- _Exercise aim_: Write out the lines of the material below exactly, beginning at the line with "Классический матрас на" and stopping after the line with "Turkos skjorta i", and leave out the pictures.

- _Supplied material_:
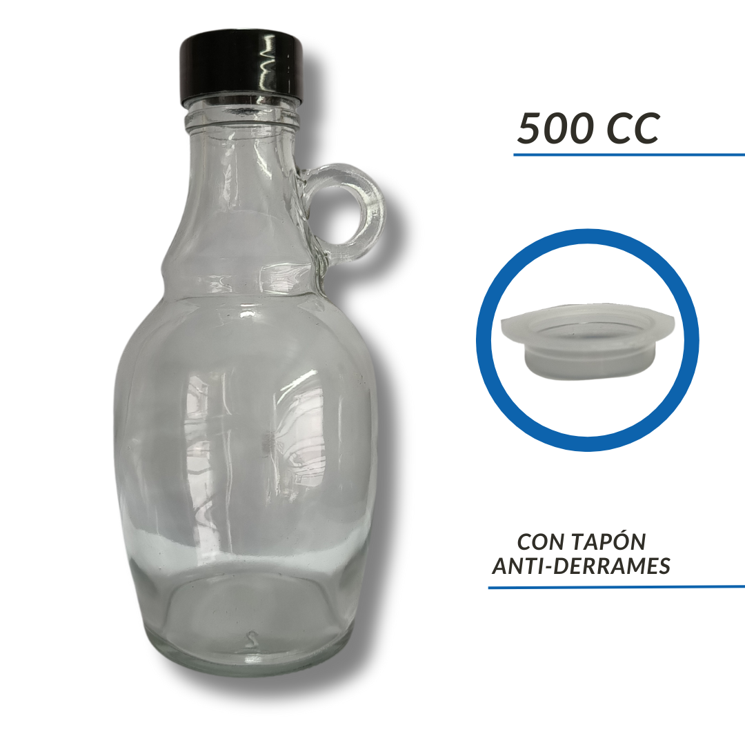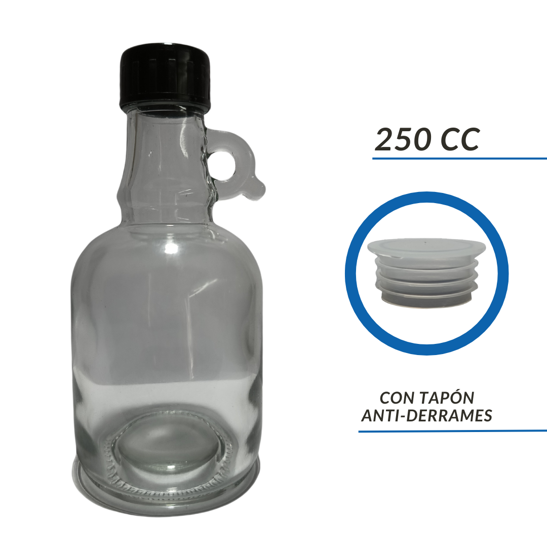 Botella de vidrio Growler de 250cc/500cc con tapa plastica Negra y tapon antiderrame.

--

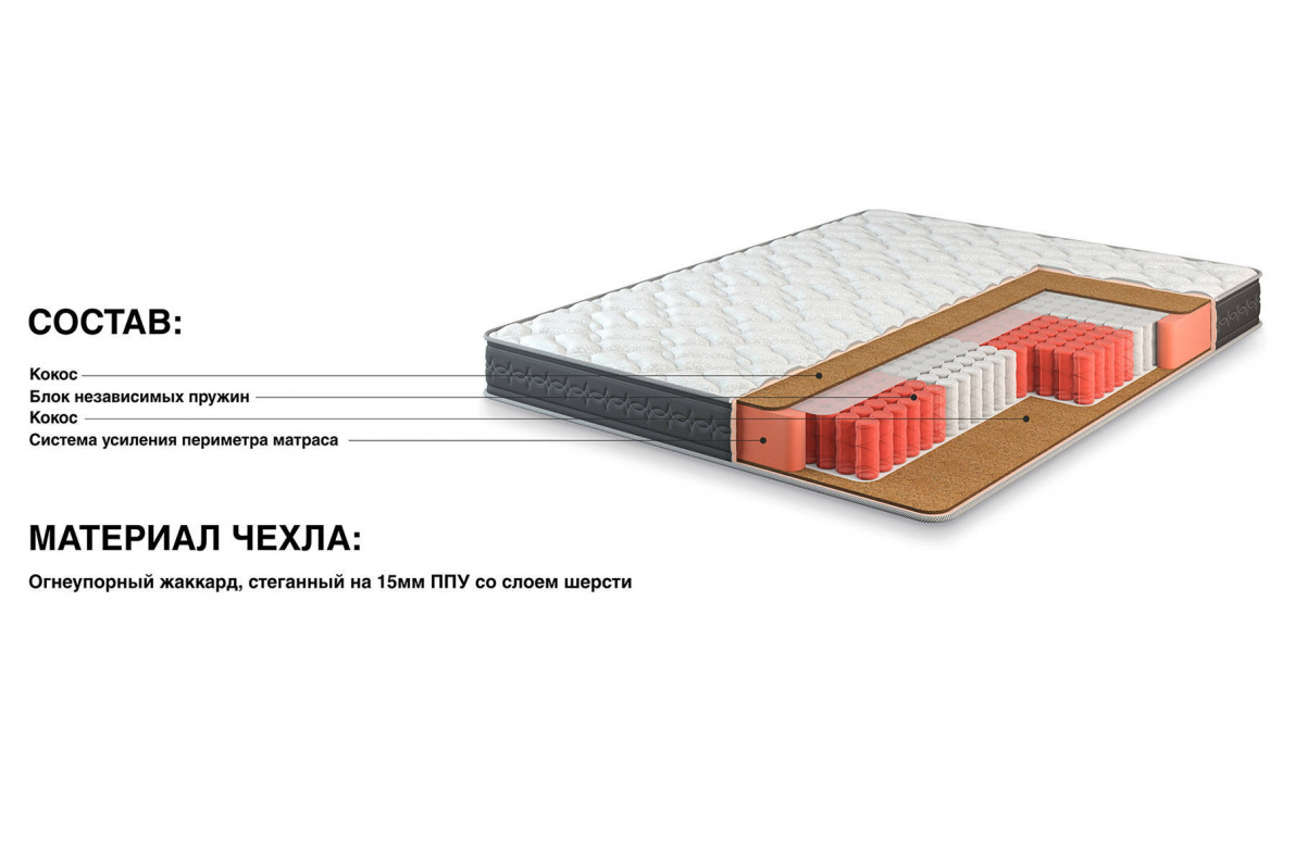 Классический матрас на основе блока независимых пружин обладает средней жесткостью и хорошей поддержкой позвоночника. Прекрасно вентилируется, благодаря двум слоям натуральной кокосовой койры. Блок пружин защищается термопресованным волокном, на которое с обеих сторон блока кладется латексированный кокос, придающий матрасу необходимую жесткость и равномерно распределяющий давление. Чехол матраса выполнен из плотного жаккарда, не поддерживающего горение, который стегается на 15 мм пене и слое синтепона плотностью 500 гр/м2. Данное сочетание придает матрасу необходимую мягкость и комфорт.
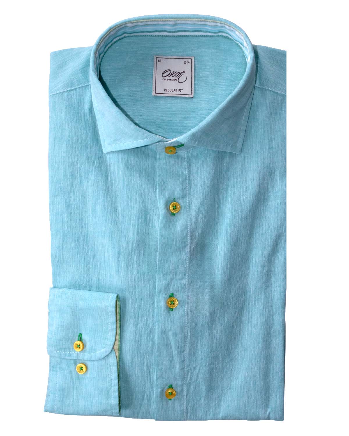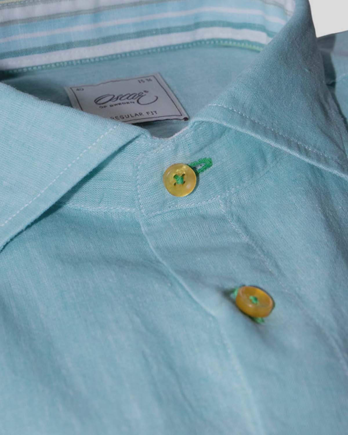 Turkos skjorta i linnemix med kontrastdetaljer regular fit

* * *

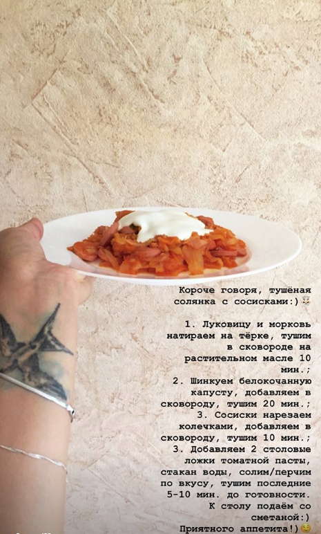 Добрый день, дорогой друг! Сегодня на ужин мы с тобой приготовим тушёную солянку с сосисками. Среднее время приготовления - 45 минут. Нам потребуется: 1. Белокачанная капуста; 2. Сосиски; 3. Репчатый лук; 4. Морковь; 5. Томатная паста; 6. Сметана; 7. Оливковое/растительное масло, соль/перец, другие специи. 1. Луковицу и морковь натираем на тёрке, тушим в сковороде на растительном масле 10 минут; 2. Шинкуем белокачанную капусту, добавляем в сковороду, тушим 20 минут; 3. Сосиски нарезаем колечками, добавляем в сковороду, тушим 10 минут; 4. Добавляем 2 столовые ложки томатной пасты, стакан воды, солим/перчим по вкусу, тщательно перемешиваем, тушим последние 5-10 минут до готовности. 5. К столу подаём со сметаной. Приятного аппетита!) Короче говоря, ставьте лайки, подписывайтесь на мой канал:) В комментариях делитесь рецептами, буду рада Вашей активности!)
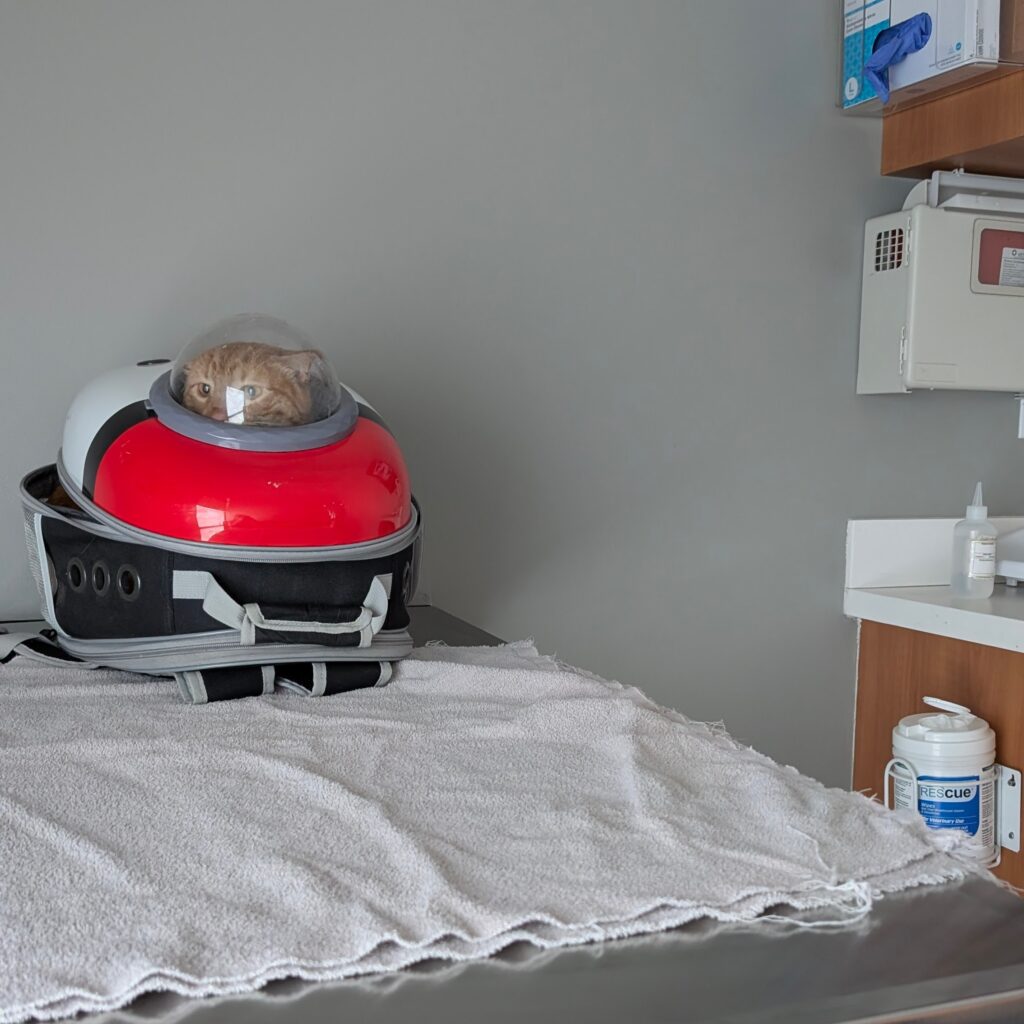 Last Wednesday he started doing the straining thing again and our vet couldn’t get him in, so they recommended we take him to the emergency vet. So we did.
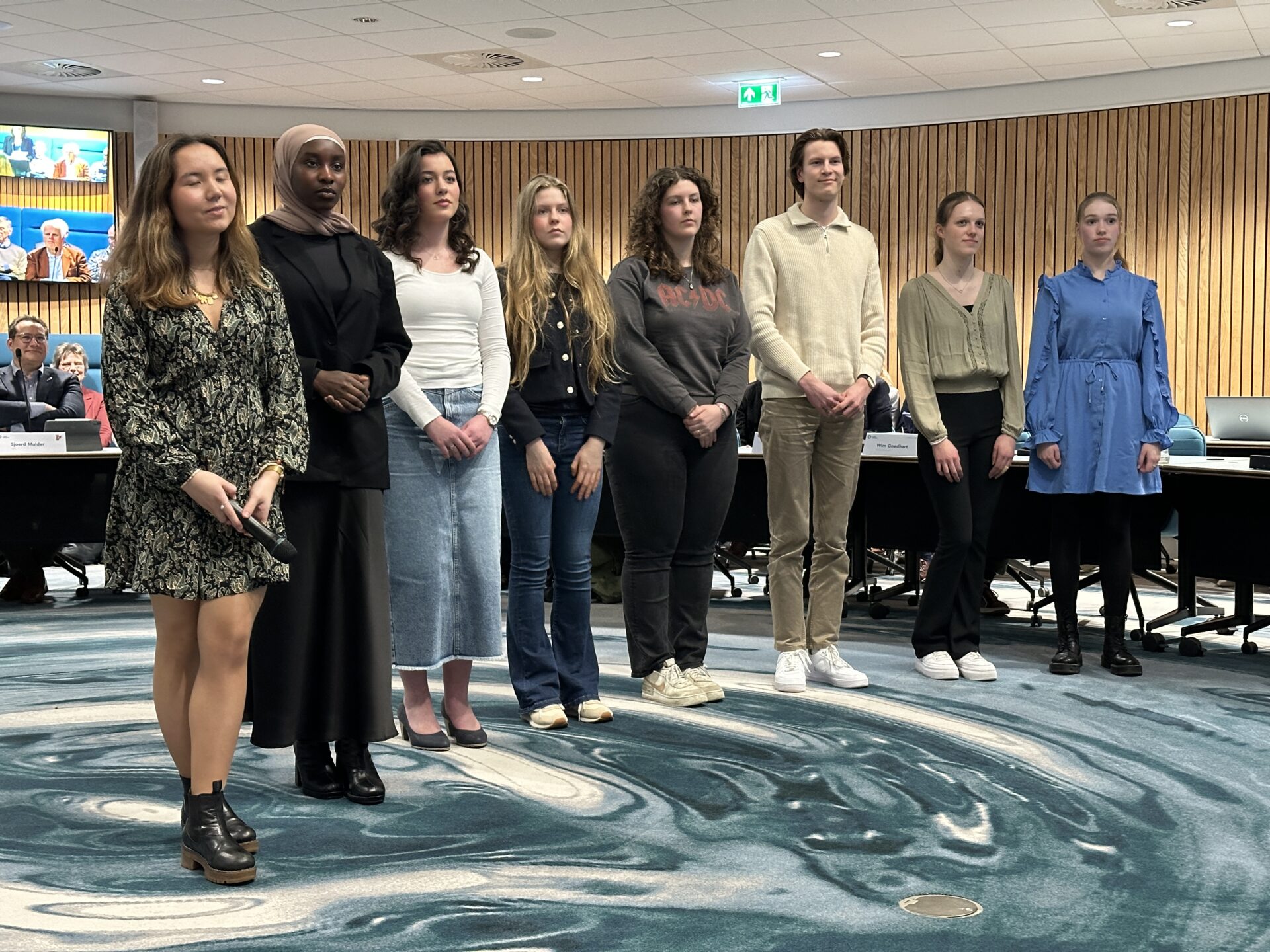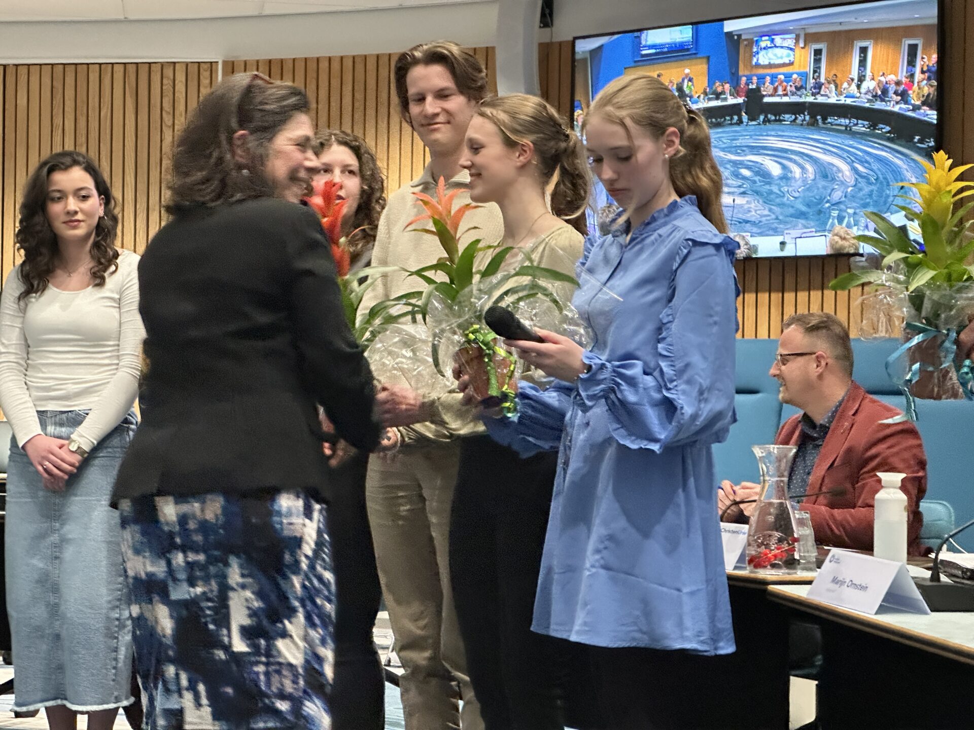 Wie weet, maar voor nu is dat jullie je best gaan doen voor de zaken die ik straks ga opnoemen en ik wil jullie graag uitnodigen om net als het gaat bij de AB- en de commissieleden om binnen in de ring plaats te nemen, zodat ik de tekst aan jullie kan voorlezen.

- _Task response_:
 Классический матрас на основе блока независимых пружин обладает средней жесткостью и хорошей поддержкой позвоночника. Прекрасно вентилируется, благодаря двум слоям натуральной кокосовой койры. Блок пружин защищается термопресованным волокном, на которое с обеих сторон блока кладется латексированный кокос, придающий матрасу необходимую жесткость и равномерно распределяющий давление. Чехол матраса выполнен из плотного жаккарда, не поддерживающего горение, который стегается на 15 мм пене и слое синтепона плотностью 500 гр/м2. Данное сочетание придает матрасу необходимую мягкость и комфорт.
 Turkos skjorta i linnemix med kontrastdetaljer regular fit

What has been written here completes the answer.